- _Work order_:
The response consists of the lines from the start of the material below through the line holding "Front garden, entrance", repeated word for word and without pictures.

- _Provided records_:
-=-=-=-=-

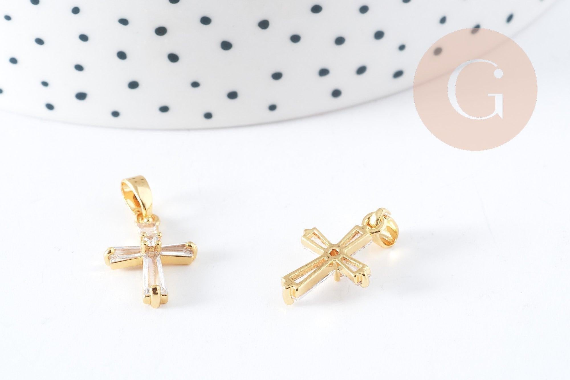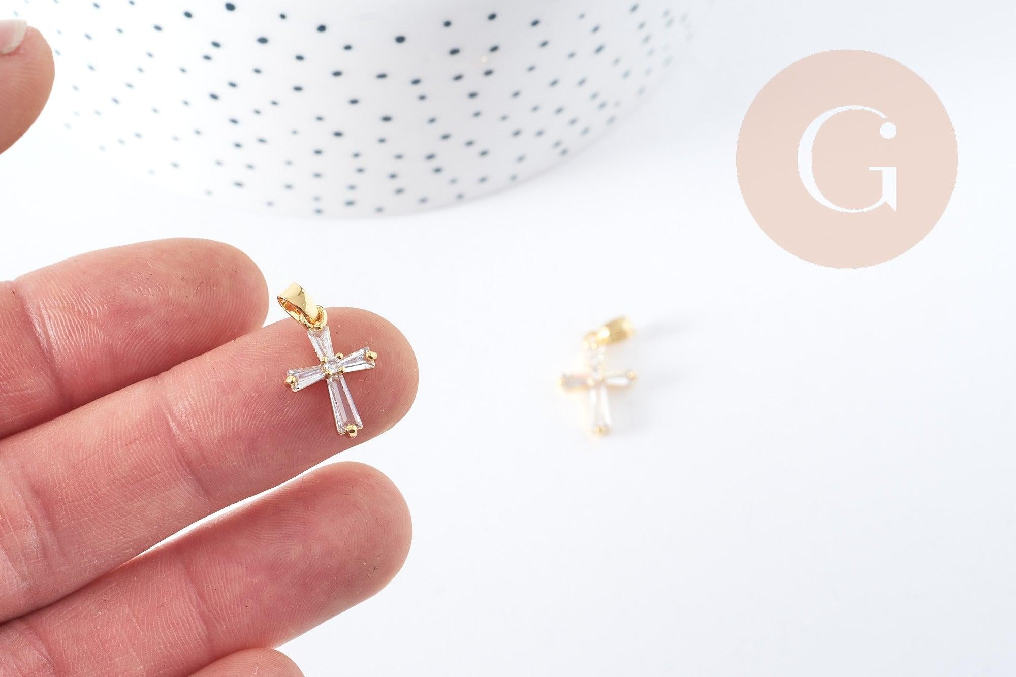 An elegant cross in 18k gold-plated brass covered with faceted, transparent white zircons . Please note: the pattern is present on one side.
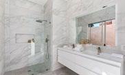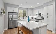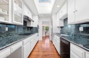 The dining area is adjacent to the living room and breakfast nook, which flow into the state-of-the-art kitchen. This chef’s studio has sharp appeal with high-caliber appliances, generous countertop and storage space, and masterful stone finishes.
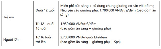 | Biệt thự hướng biển có hồ bơi riêng (Ocean View Pool Villa) | 2 người lớn + 2 trẻ em dưới 12 tuổi | 3 người lớn + 1 trẻ em dưới 12 tuổi | |
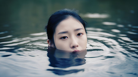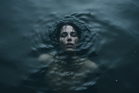 An AI-generated illustration of a young woman submerged in a tranquil body of water
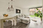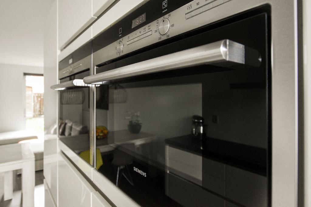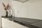 Front garden, entrance to the house, hall, floating toilet with sink. The living room with understairs cupboard is wonderfully light and offers access to the backyard with wooden shed and back entrance through sliding doors. The modern open kitchen is equipped with a sink, dishwasher, refrigerator, freezer, oven, microwave, electric hob and extractor hood.
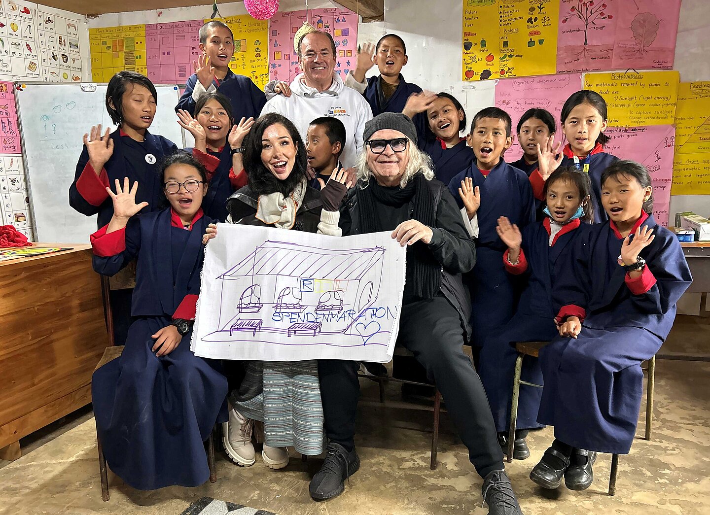 Rita und Thomas Sabo besuchen als Projektpaten der „Stiftung RTL – Wir helfen Kindern e.V.“ die „My Gakidh Village School“ in Bhutan. Foto: RTL
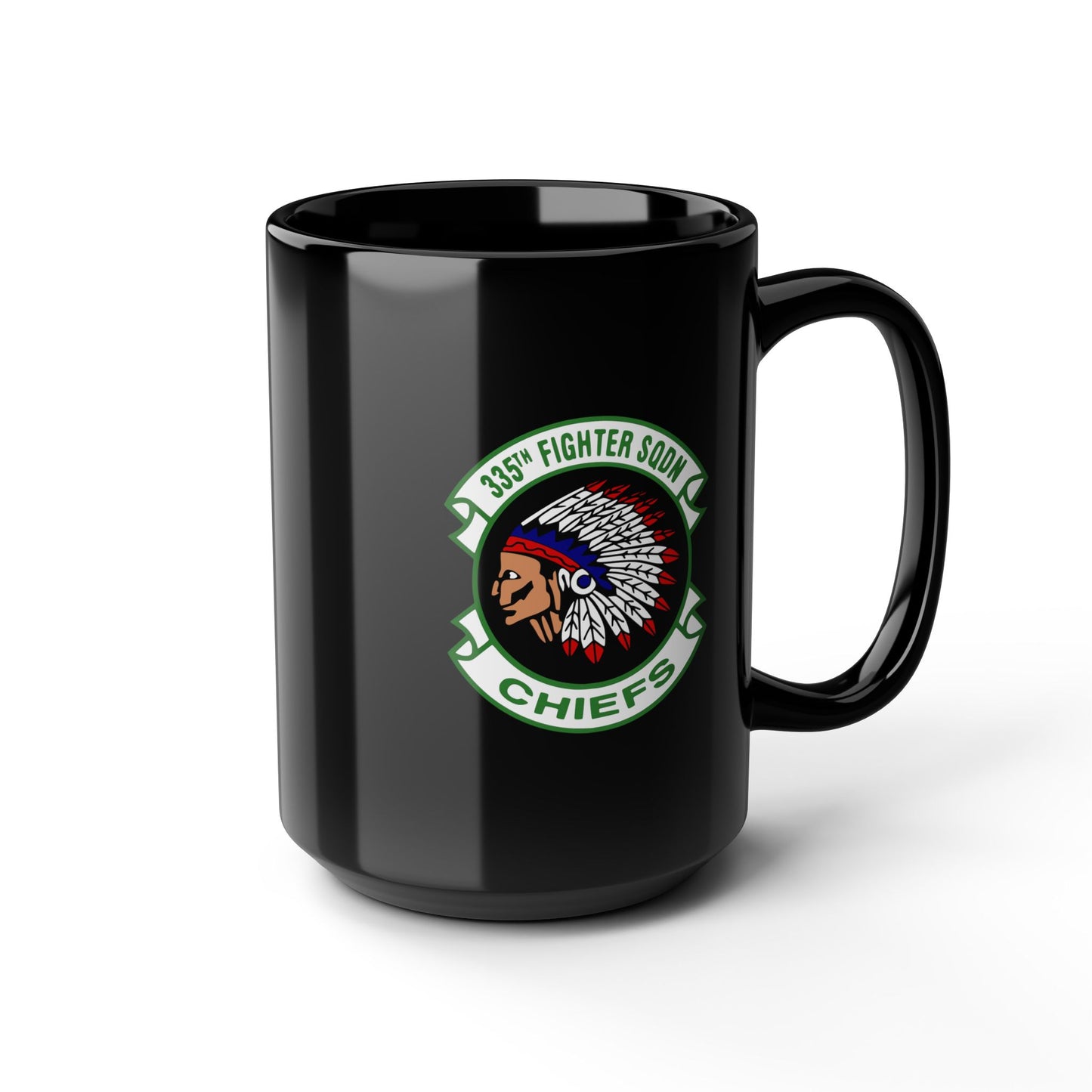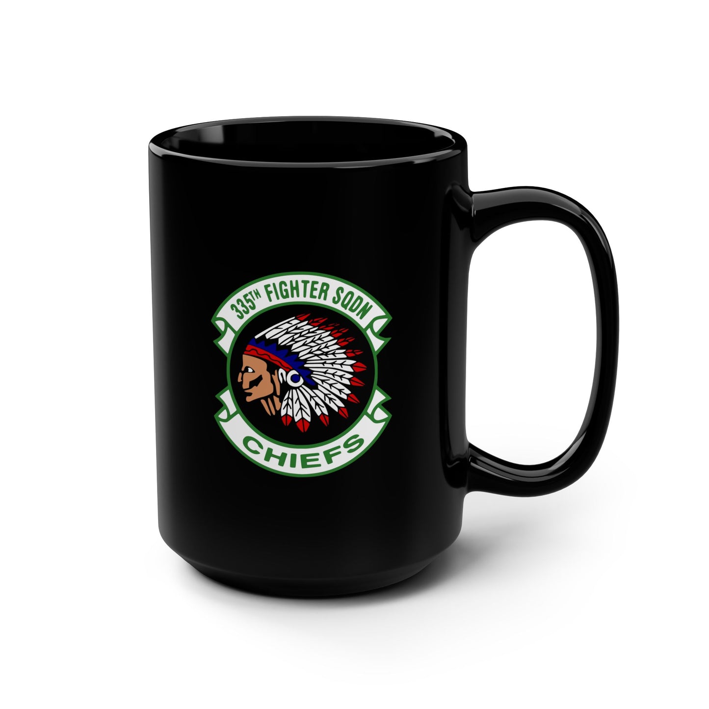 Free shipping on all mugs! 333rd Fighter Squadron patch on one side, F-15E front silhouette on the other. These black mugs come in one size – 15oz (0.44l) – plenty for morning caffeine boosts and hot cups of tea on a rainy day. They're easy to grip and feel sturdy thanks to the C-shaped handle. Add more personality by decorating them with your original designs. They'll be printed on the black ceramic material in picture-perfect quality with a glossy finish.
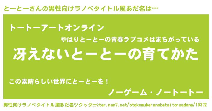 | 女子向けラノベタイトル風あだ名 | 『男装とーとーの憂鬱な任務』 |
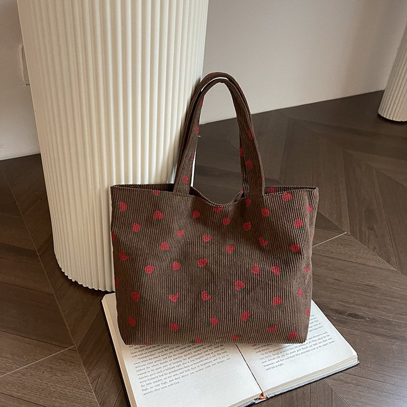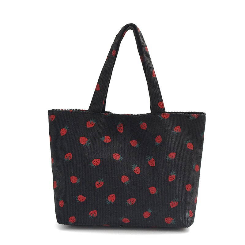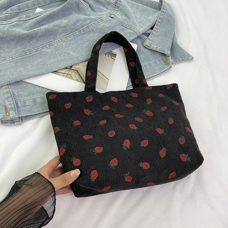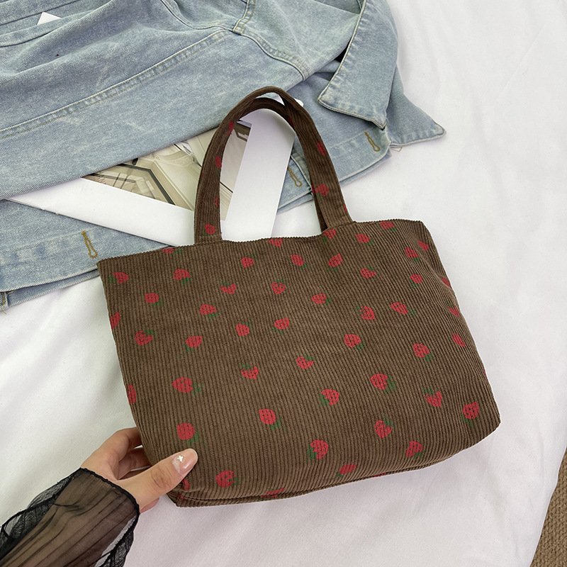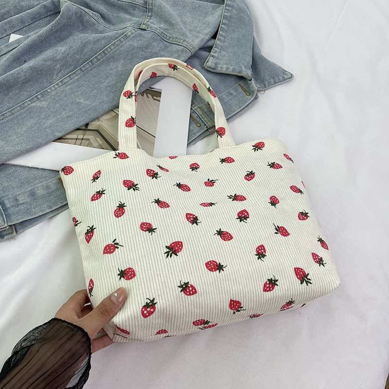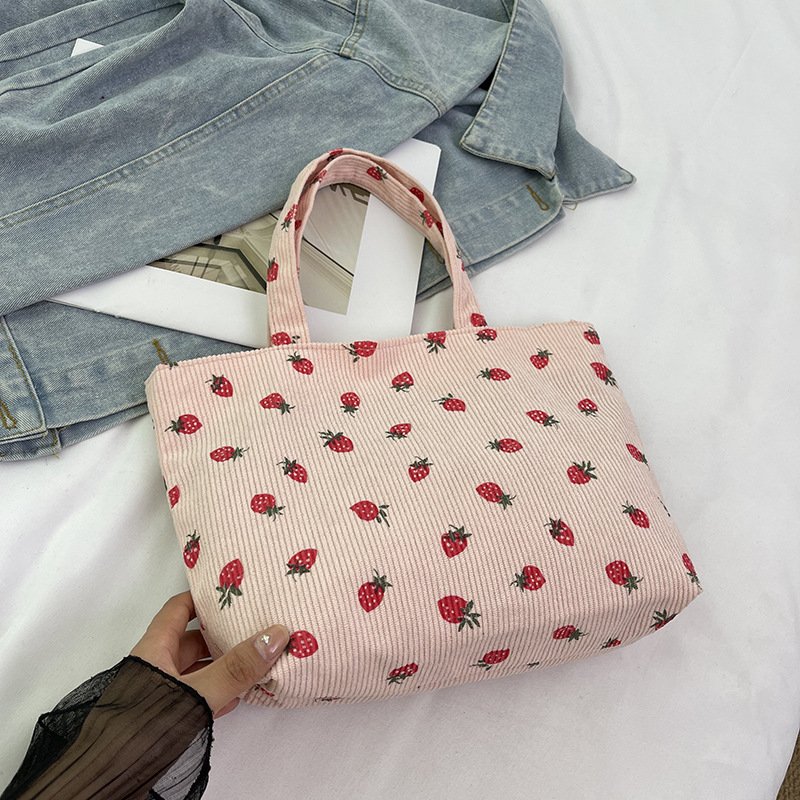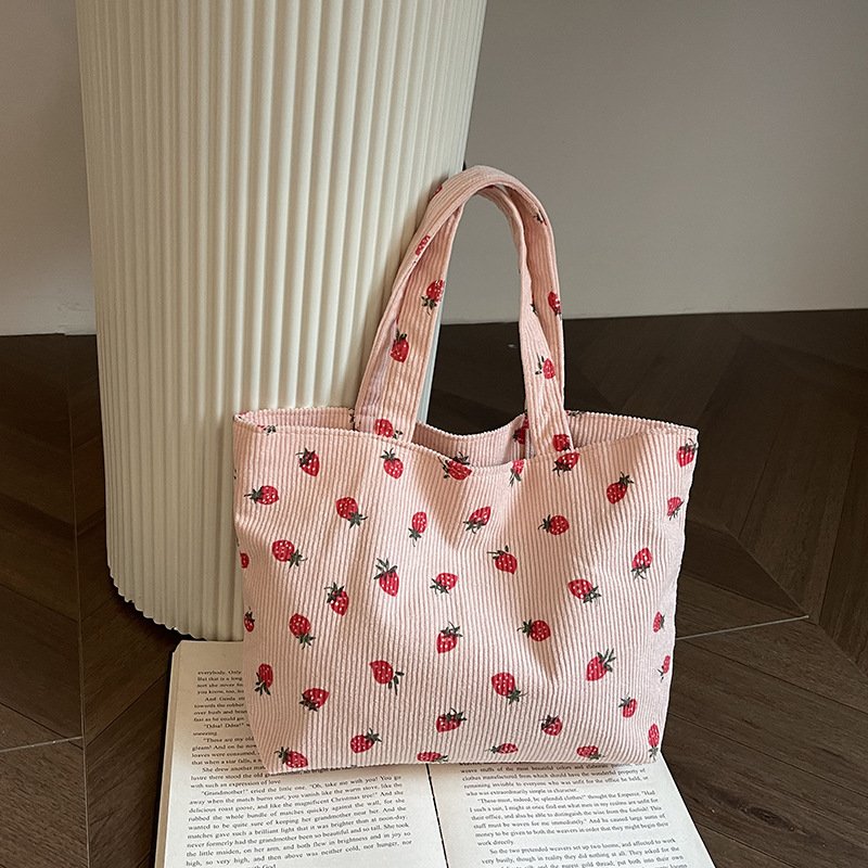 Strawberry print corduroy shoulder bag small fresh literary tote bag girl travel shoulder bag

-=-=-=-=-

- _Response for this exercise_:
 An elegant cross in 18k gold-plated brass covered with faceted, transparent white zircons . Please note: the pattern is present on one side.
 The dining area is adjacent to the living room and breakfast nook, which flow into the state-of-the-art kitchen. This chef’s studio has sharp appeal with high-caliber appliances, generous countertop and storage space, and masterful stone finishes.
 | Biệt thự hướng biển có hồ bơi riêng (Ocean View Pool Villa) | 2 người lớn + 2 trẻ em dưới 12 tuổi | 3 người lớn + 1 trẻ em dưới 12 tuổi | |
 An AI-generated illustration of a young woman submerged in a tranquil body of water
 Front garden, entrance to the house, hall, floating toilet with sink. The living room with understairs cupboard is wonderfully light and offers access to the backyard with wooden shed and back entrance through sliding doors. The modern open kitchen is equipped with a sink, dishwasher, refrigerator, freezer, oven, microwave, electric hob and extractor hood.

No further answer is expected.